START Data shown

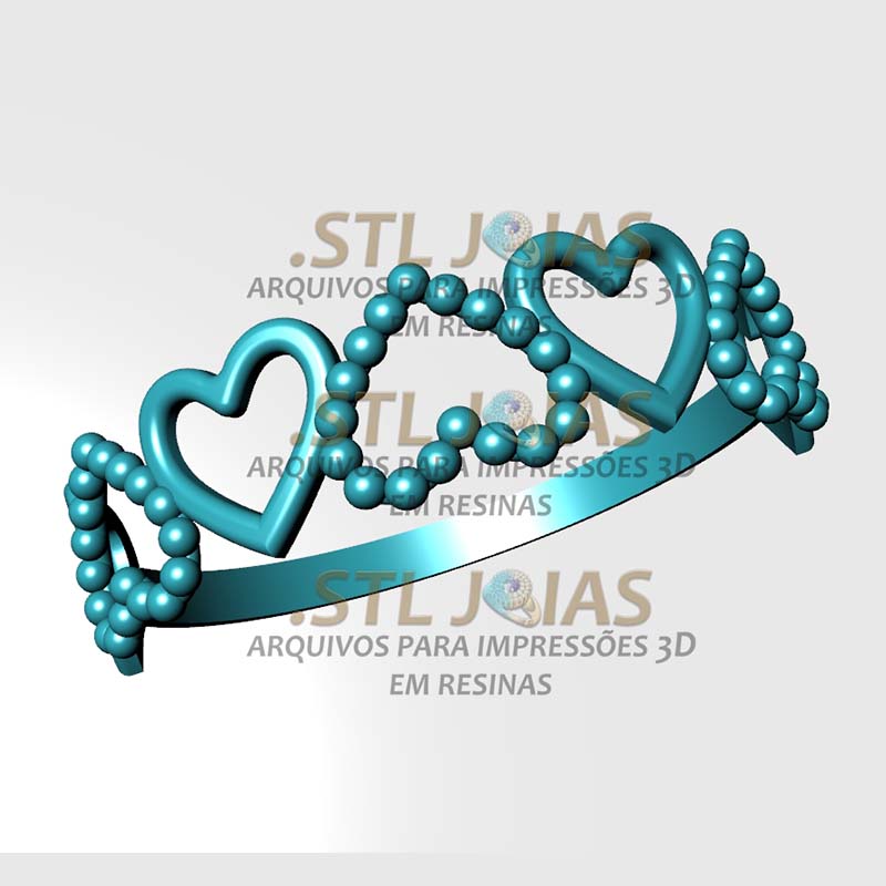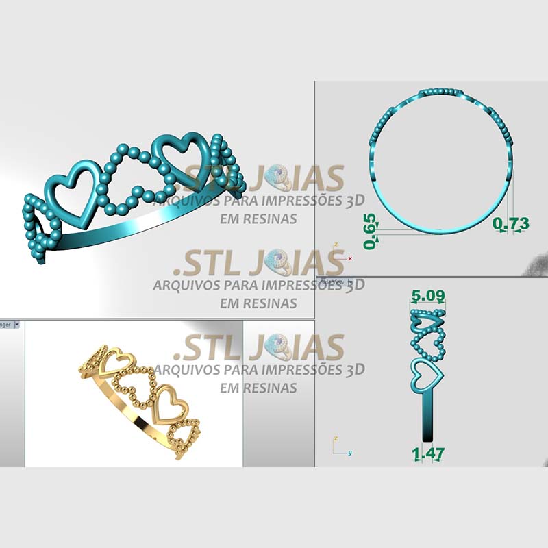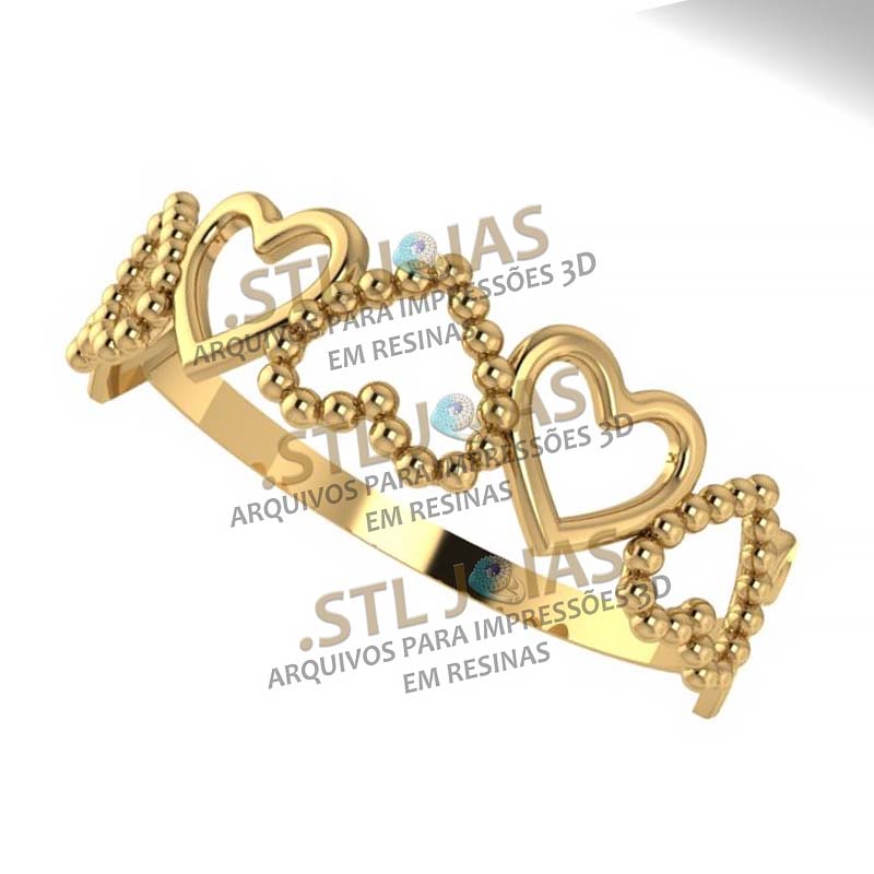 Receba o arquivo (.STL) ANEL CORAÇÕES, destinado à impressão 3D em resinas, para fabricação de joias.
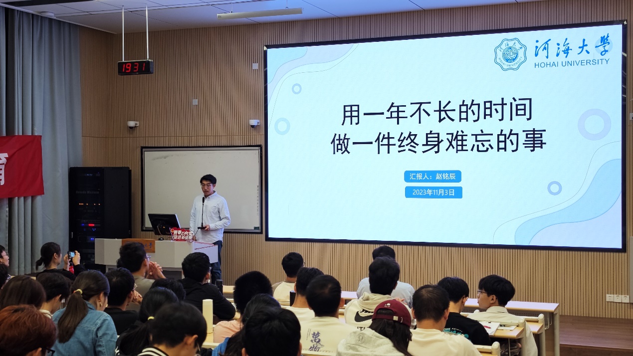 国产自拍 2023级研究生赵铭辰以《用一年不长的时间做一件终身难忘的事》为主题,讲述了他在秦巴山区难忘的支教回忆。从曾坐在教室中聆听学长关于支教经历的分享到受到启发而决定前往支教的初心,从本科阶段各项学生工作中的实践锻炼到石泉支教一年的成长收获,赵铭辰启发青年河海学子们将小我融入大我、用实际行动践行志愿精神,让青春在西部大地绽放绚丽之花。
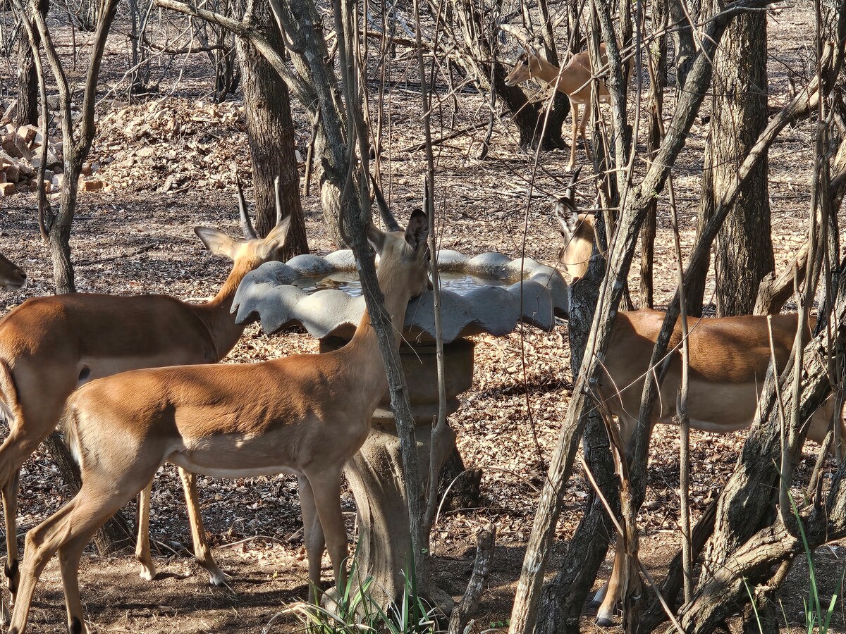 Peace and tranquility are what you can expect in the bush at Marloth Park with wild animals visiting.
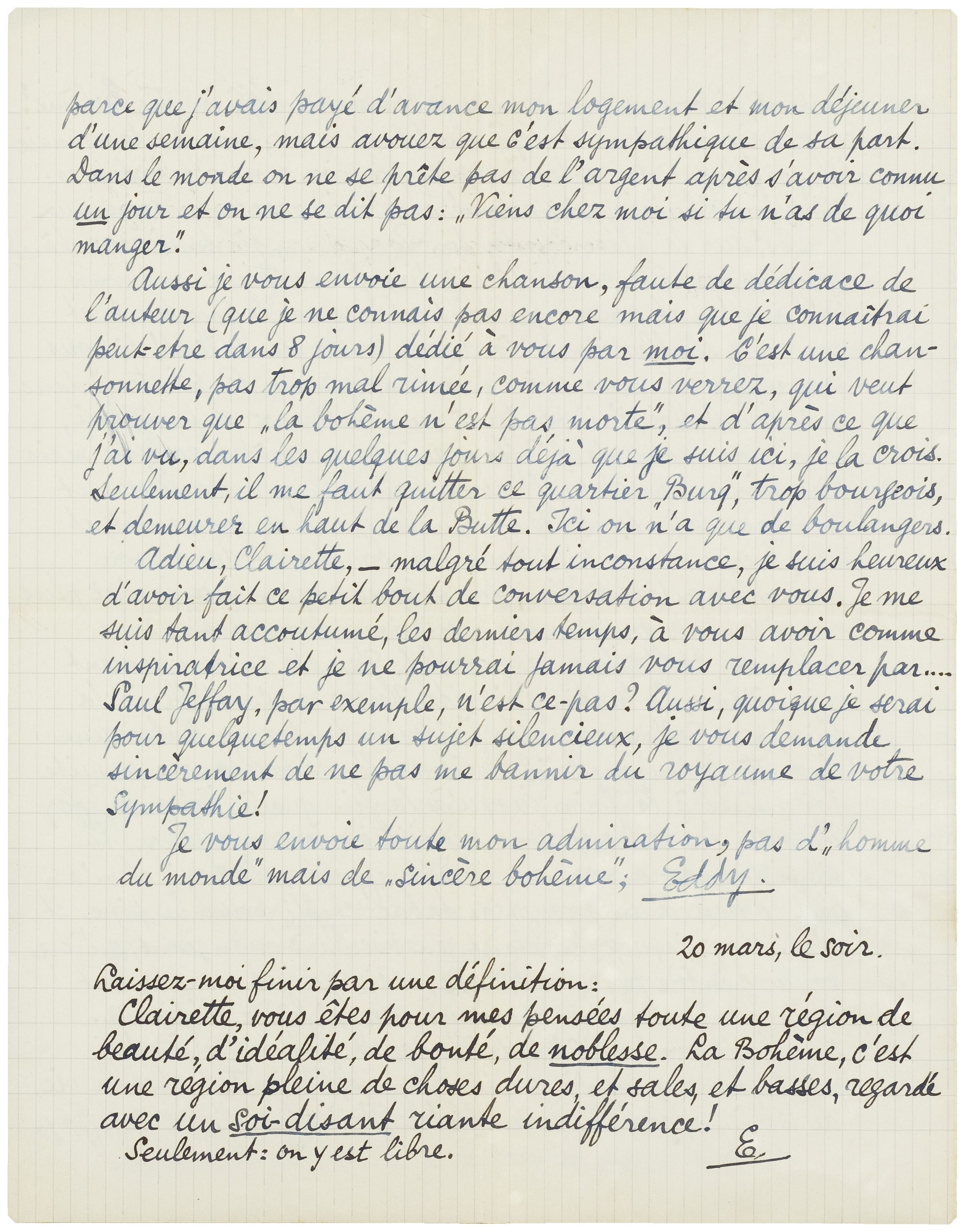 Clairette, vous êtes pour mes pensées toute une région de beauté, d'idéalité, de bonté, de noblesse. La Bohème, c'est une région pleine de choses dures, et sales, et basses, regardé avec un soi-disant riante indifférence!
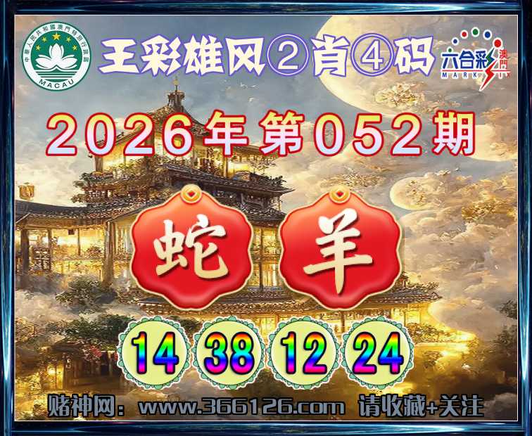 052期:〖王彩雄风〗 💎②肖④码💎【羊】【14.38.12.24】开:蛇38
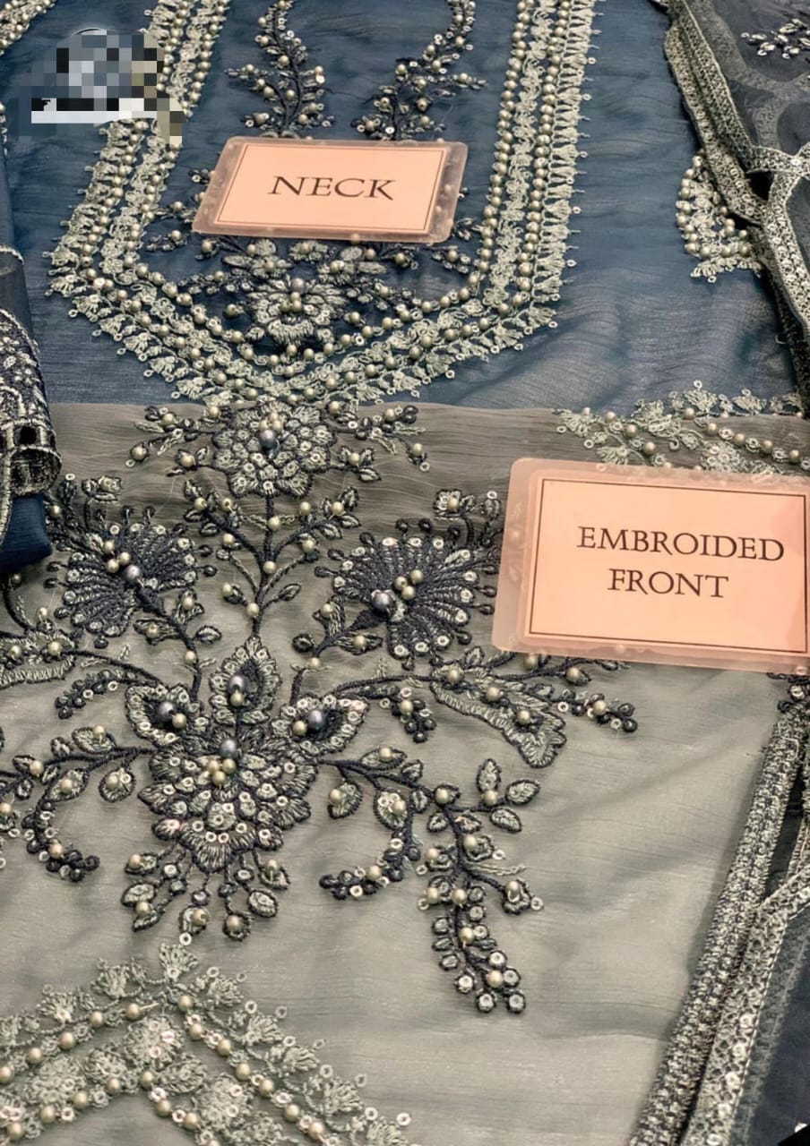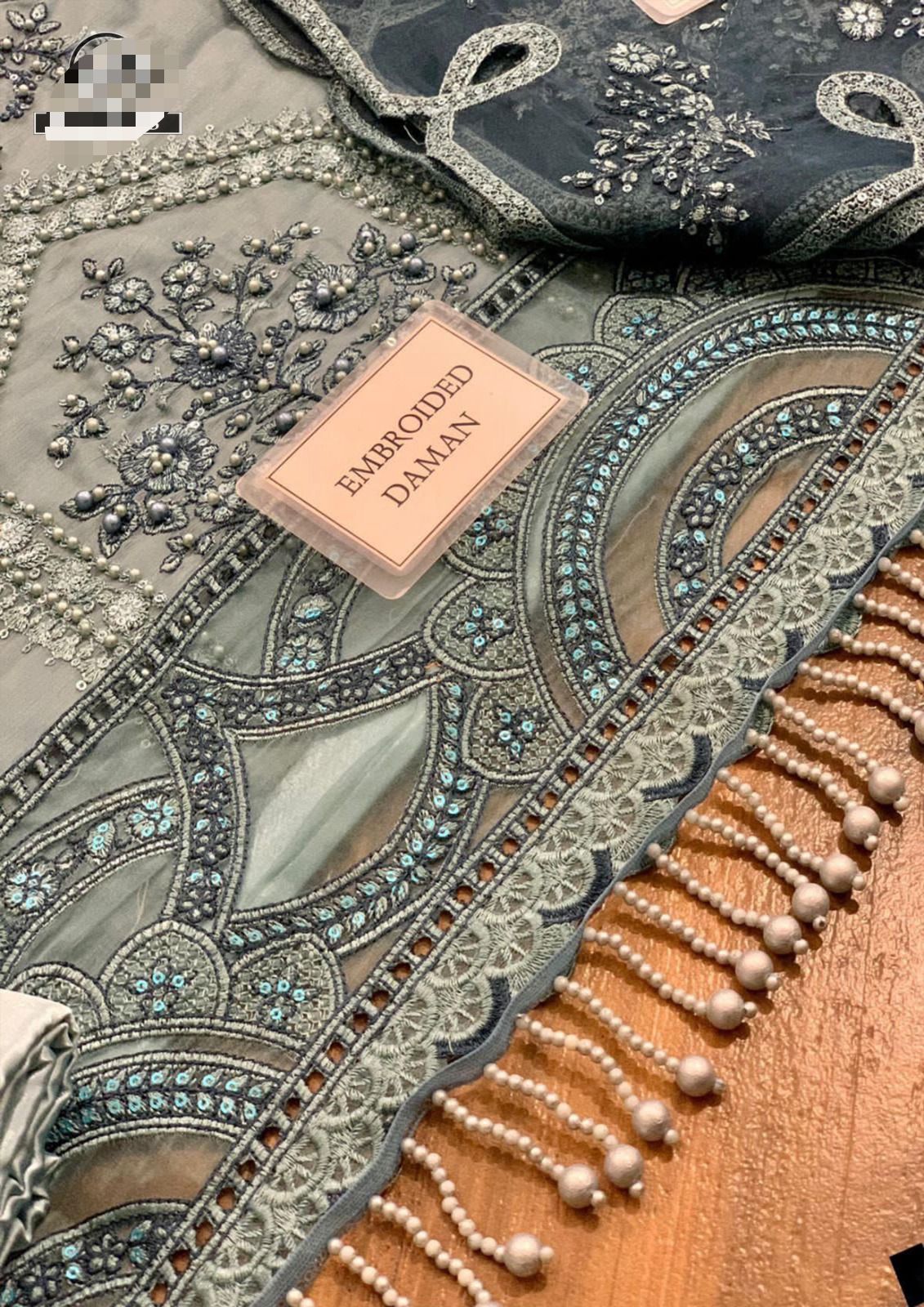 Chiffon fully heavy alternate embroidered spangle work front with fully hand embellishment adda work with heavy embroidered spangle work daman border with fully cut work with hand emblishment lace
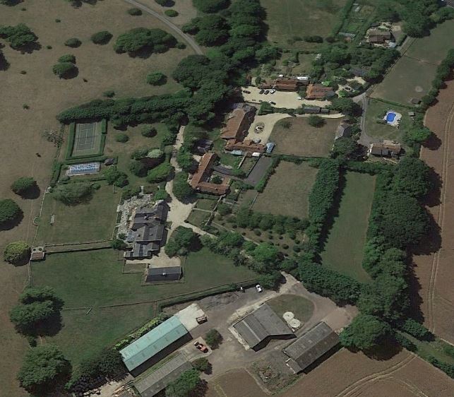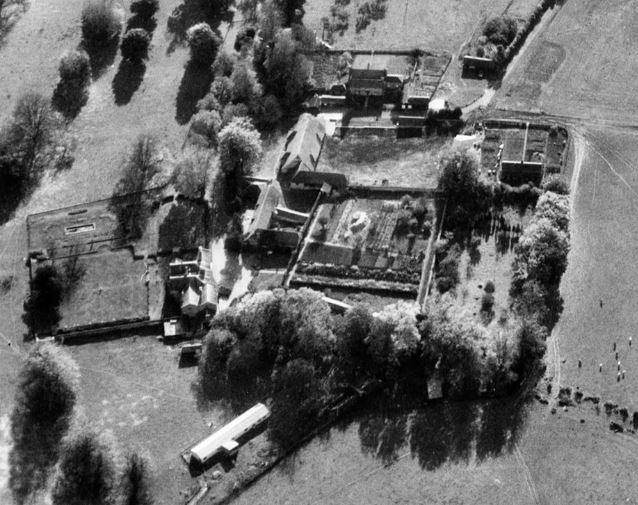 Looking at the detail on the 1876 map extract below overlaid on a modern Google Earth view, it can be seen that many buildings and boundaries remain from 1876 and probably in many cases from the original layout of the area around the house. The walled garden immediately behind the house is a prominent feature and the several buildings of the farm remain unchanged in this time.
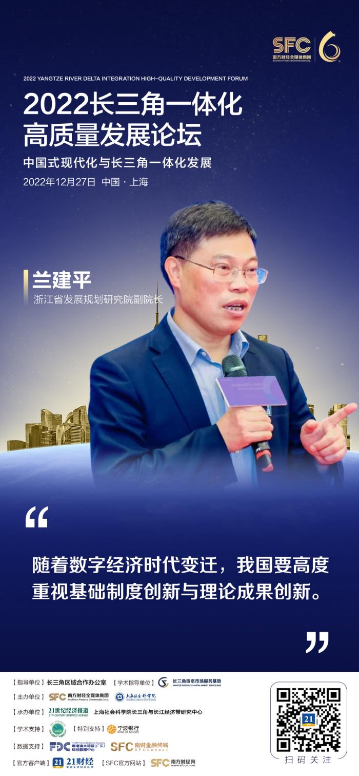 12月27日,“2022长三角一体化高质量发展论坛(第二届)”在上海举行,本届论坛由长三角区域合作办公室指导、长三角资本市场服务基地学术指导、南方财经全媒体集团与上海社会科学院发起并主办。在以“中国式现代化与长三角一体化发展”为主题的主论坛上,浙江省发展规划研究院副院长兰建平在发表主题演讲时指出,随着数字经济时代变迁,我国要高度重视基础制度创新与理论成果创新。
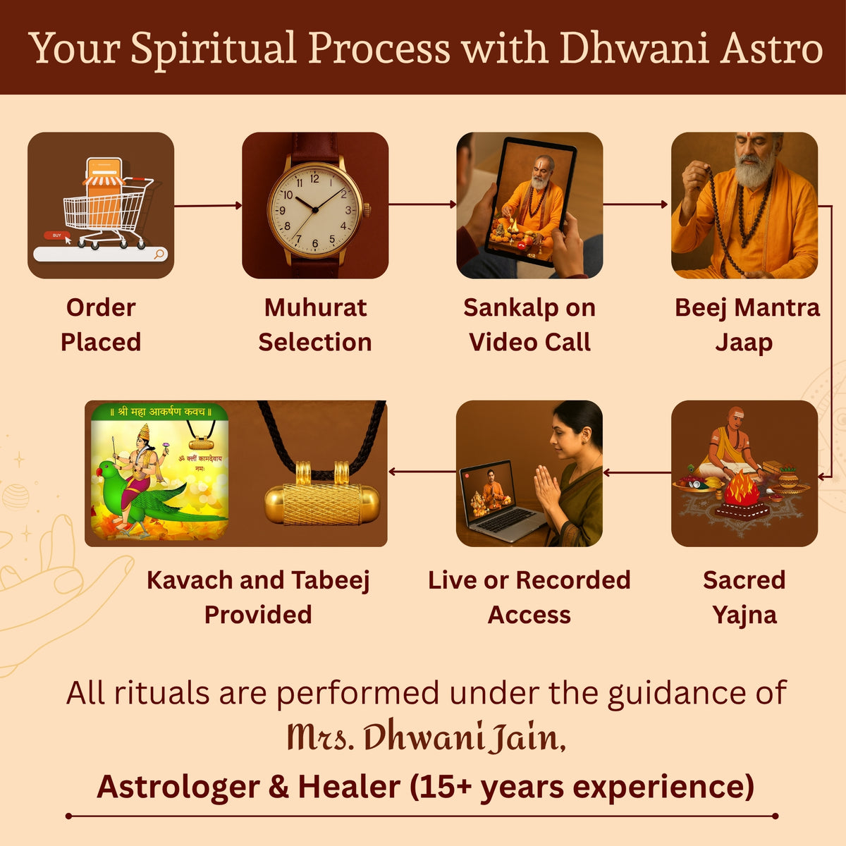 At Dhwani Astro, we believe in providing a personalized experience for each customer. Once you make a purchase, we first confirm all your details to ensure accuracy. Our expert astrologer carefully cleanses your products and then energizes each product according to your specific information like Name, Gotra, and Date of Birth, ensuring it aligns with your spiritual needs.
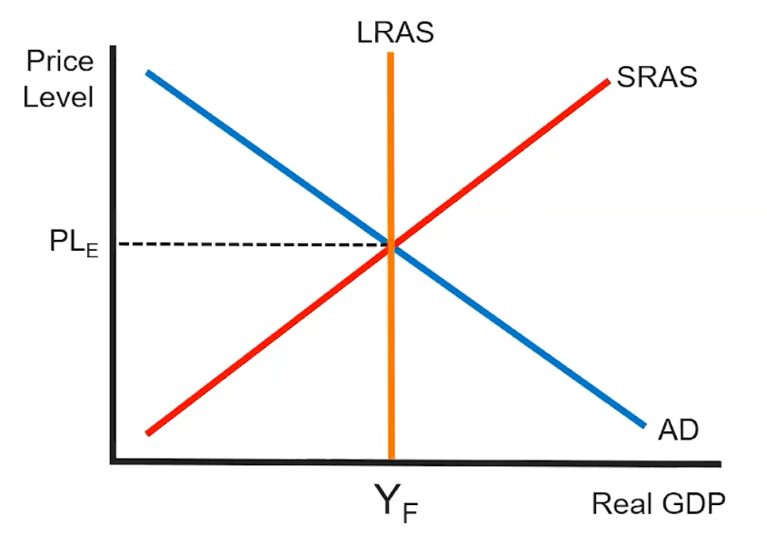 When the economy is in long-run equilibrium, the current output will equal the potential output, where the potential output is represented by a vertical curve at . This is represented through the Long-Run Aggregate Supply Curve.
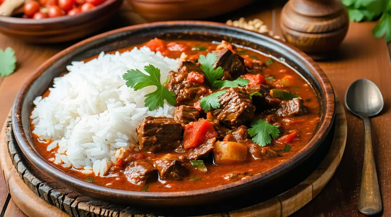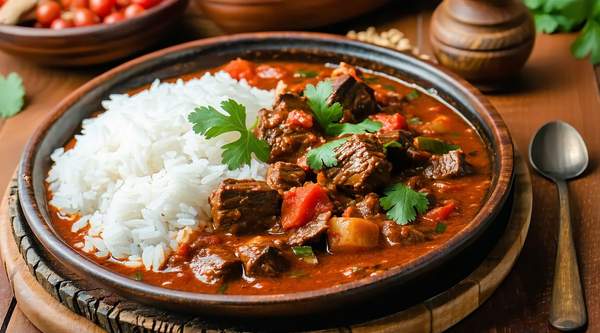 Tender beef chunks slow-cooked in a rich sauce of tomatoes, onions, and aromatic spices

END Data shown

▸ What you are asked to do
An exact reproduction of the lines from the line containing "When the economy" through the end of the listing above is needed; pictures stay out.

▸ Output of the task
 When the economy is in long-run equilibrium, the current output will equal the potential output, where the potential output is represented by a vertical curve at . This is represented through the Long-Run Aggregate Supply Curve.
 Tender beef chunks slow-cooked in a rich sauce of tomatoes, onions, and aromatic spices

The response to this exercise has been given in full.